Fixes bug #883300 Fixes problem where fetch_ca could throw an IOError exception rather than a Nova specific exception. Adds FileError exception. Fixes other functions in crypto.py that had very similar problems. Change-Id: Ic2e43c35ad58c67d33156c53d2a41910dfdf8678
2012-08-25 15:51:37 +09:30 · 2012-08-25 15:51:37 +09:30 · 0d2523f029
parent 511807ed24
commit 0d2523f029
3 changed files with 41 additions and 3 deletions
--- a/nova/crypto.py
+++ b/nova/crypto.py
@ -96,7 +96,10 @@ def crl_path(project_id=None):
 def fetch_ca(project_id=None):
    if not FLAGS.use_project_ca:
        project_id = None
-    with open(ca_path(project_id), 'r') as cafile:
+    ca_file_path = ca_path(project_id)
+    if not os.path.exists(ca_file_path):
+        raise exception.CryptoCAFileNotFound(project_id=project_id)
+    with open(ca_file_path, 'r') as cafile:
        return cafile.read()


@ -140,8 +143,13 @@ def generate_key_pair(bits=1024):
        utils.execute('ssh-keygen', '-q', '-b', bits, '-N', '',
                      '-t', 'rsa', '-f', keyfile)
        fingerprint = _generate_fingerprint('%s.pub' % (keyfile))
+        if not os.path.exists(keyfile):
+            raise exception.FileNotFound(keyfile)
        private_key = open(keyfile).read()
-        public_key = open(keyfile + '.pub').read()
+        public_key_path = keyfile + '.pub'
+        if not os.path.exists(public_key_path):
+            raise exception.FileNotFound(public_key_path)
+        public_key = open(public_key_path).read()
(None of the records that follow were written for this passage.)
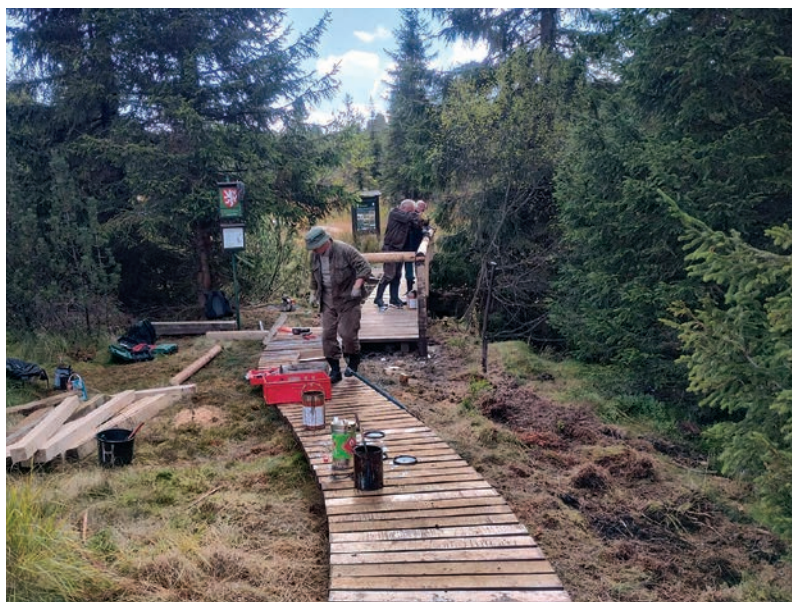
Kompletní rekonstrukce přístupové cesty v PR Černá jezírka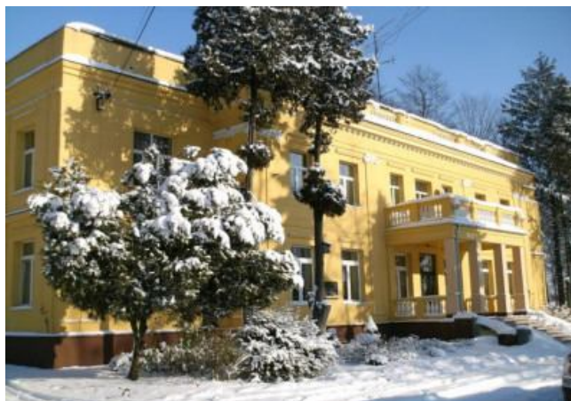
Dom Dziecka w zimowej szacie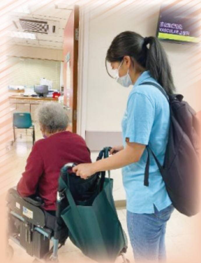
陪同服務使用者面見醫生

在每次家訪中護理部同工除了一般護理工作外，關顧服務使用者的心靈亦是重要工作的一環。護理團隊與服務使用者常相處的接觸，均容易建立感情和關係，陪伴服務使用者在康復進程上同行。當中，除了服務使用者感受到關愛外，護理團隊在工作上亦得到莫大的滿足感。

    return (private_key, public_key, fingerprint)

@ -150,7 +158,10 @@ def fetch_crl(project_id):
    """Get crl file for project."""
    if not FLAGS.use_project_ca:
        project_id = None
-    with open(crl_path(project_id), 'r') as crlfile:
+    crl_file_path = crl_path(project_id)
+    if not os.path.exists(crl_file_path):
+        raise exception.CryptoCRLFileNotFound(project_id)
+    with open(crl_file_path, 'r') as crlfile:
        return crlfile.read()


--- a/nova/exception.py
+++ b/nova/exception.py
@ -1100,6 +1100,14 @@ class UnexpectedTaskStateError(NovaException):
                "the actual state is %(actual)s")


+class CryptoCAFileNotFound(FileNotFound):
+    message = _("The CA file for %(project)s could not be found")
+
+
+class CryptoCRLFileNotFound(FileNotFound):
+    message = _("The CRL file for %(project)s could not be found")
+
+
 def get_context_from_function_and_args(function, args, kwargs):
    """Find an arg of type RequestContext and return it.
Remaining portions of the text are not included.